Ethylenediamine series as additives to control the morphology of magnetite nanoparticles†
Abstract
Magnetite nanoparticles play a key role in the nano-industry, with crucial importance in the developing nanomedicine sector. Such particles must be homogeneous, with a consistent shape and size, due to the growing need to tailor particles to more defined faceted morphologies. Here an ethylenediamine series (H2N-(–CH2CH2N–)nH2, n = 2 (DETA), 3 (TETA), 4 (TEPA), and 5 (PEHA)), of additives have been successfully used to control the morphology of nanomagnetite produced via a green ambient co-precipitation method.
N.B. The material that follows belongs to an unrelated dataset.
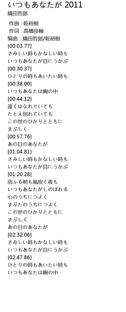 | [02:41.76] | いつもあなたが目にうかぶ |
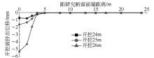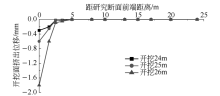 箱涵顶进施工过程中管幕的沉降源于开挖面前方土体的松动变形, 图7给出了开挖26 m时开挖面前方地层变形情况.由图可见, 开挖面前方一定范围土体发生了松动变形, 并导致开挖面发生挤出变形.

Whilst DETA showed less control, TETA, TEPA and PEHA mediated the near universal synthesis of faceted particles (91–97%) suggesting a near pure octahedral population (compared to only 6% of control particles). The particle size was ≈ 22 nm for all the samples and was not affected by the addition of additives. Computational molecular dynamic modelling shows the binding to the octahedral [111] face to be preferred for all additives with binding to the [100] face unfavourable for TETA, TEPA and PEHA, showing a preference to bind and direct an octahedral morphology for these 3 additives. This is further explained by the increased numbers of interactions of the longer additives with the [111] surface through O and Fe in the magnetite surface bonding to H and N in the additive which is better able to lie flat on the [111] surface. An optimum concentration of a 1 : 125 additive : iron ion ratio was determined which shows that a relatively small quantity of a cheap, organic bioinspired amine-rich additive can have a massive impact on the morphological quality of the magnetite nanoparticles. This powerful, additive-directed, green synthesis approach could be universally applied to a vast range of nanomaterial syntheses to great impact.